Marc continued as if he hadn’t even heard her. His eyes were wild with anger and he was breathing hard. “But you still convince yourself that he loves you and that you can’t live without him. But you know what? You can. And you’re going to have to. Because once he’s done breaking you down, he’ll just move on and you’ll be left with nothing but yourself.”

Lara slid off the counter and grabbed his arms, shaking him lightly. “Marc.”

He looked at her. “And here I am and I would never hurt you and you look at me like I’m an animal just for touching you.” His eyes burned into hers. “I would never hurt you. I am not like him.”

She just nodded. The muscles of his arms strained and trembled as he tried to reel in his rage. His fists were clenched tightly and it reminded her of the way she dug her nails into her palms. She reached for his hands and opened his fist, interlacing his fingers with her own.

“Who’s ‘him’?” she asked him softly after his breath had slowed.

Marc turned his head away. “My dad,” he said in a muted voice.

“He hit you?”

“No, never me. My mom.”

“And then he left?”

“Yeah. And then my mother tried to commit suicide. He’d always told her that she couldn’t live without him. She believed him.”

“But she got better?”

He exhaled and disentangled his fingers from hers, then combed them through his hair. “Eventually. It took a long time. She still has trouble, though.”

“And you?”

“I hate him. I hated her. Sometimes I still do.”

Lara moved closer and started to put her arms around him, but Marc gently pushed her away. “I’ve got work to do,” he said hoarsely.

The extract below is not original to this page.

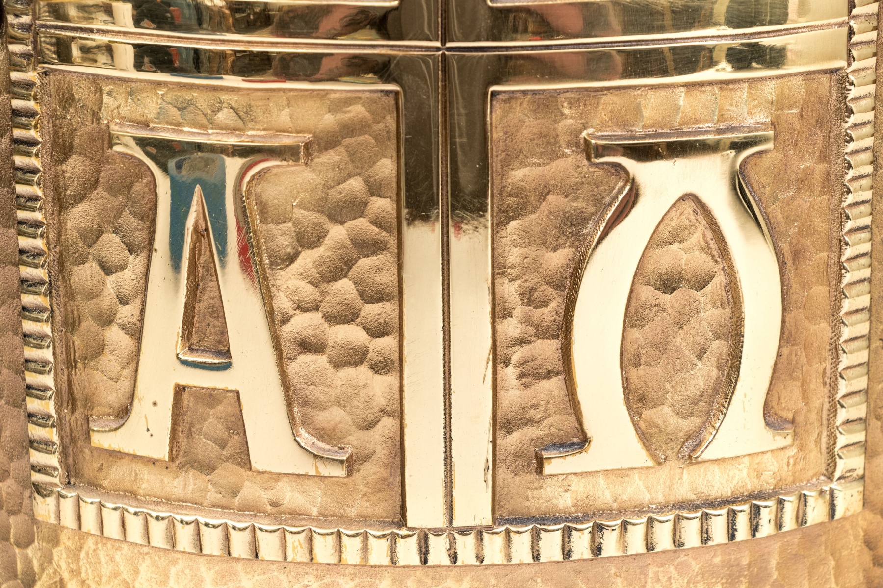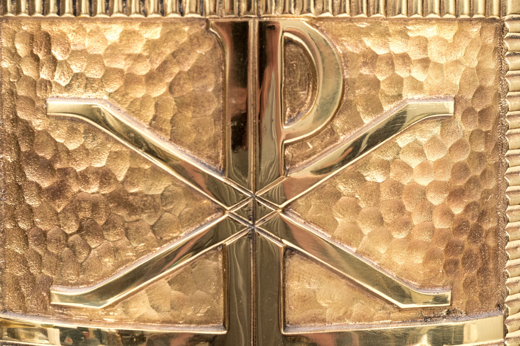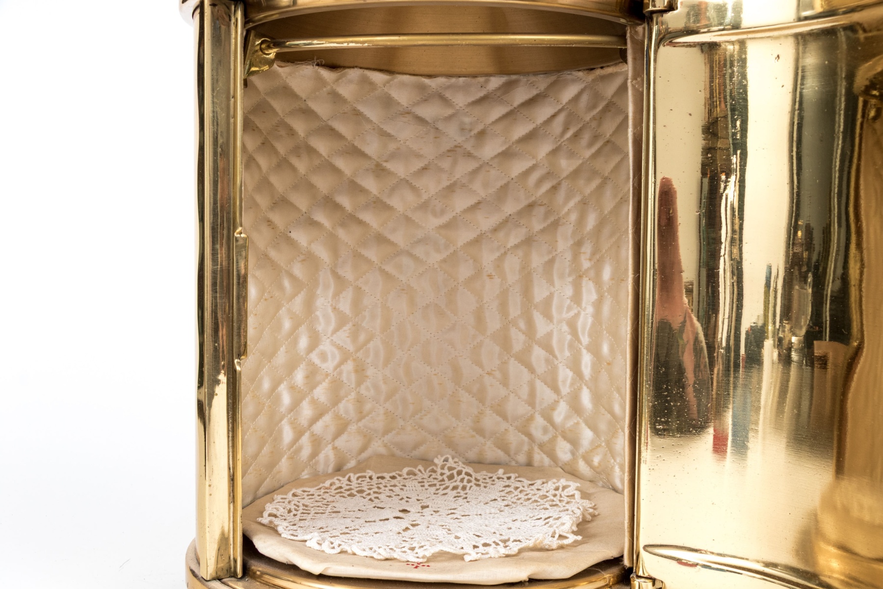 A well decorated brass Christian tabernacle showcasing a cross finial over a circular pyramidal roof over a cylindrical case with a hammered door. The door features a chi-rho, alpha, and omega symbols and opens with a key to a nicely lined interior.

He opened the door and walked down the hall. Lara stared after him in shock. What had just happened? How could he feel so much and then simply turn it off. She’d never been able to do that. When she was drowning in grief, she couldn’t act any other way. And when she tried to turn off the pain, she turned off everything else as well. The emotional blockades that she tried to build had no specificity.

She left the bathroom and started up the stairs, where she knew he had gone.

When she reached the second floor, she saw Marc talking to Tim about the layout of the guest bedroom. He gestured to the walls and nodded. His bright green eyes and good-natured smile betrayed none of the anger she’d seen in him downstairs. It made her wonder if his breakdown had happened at all.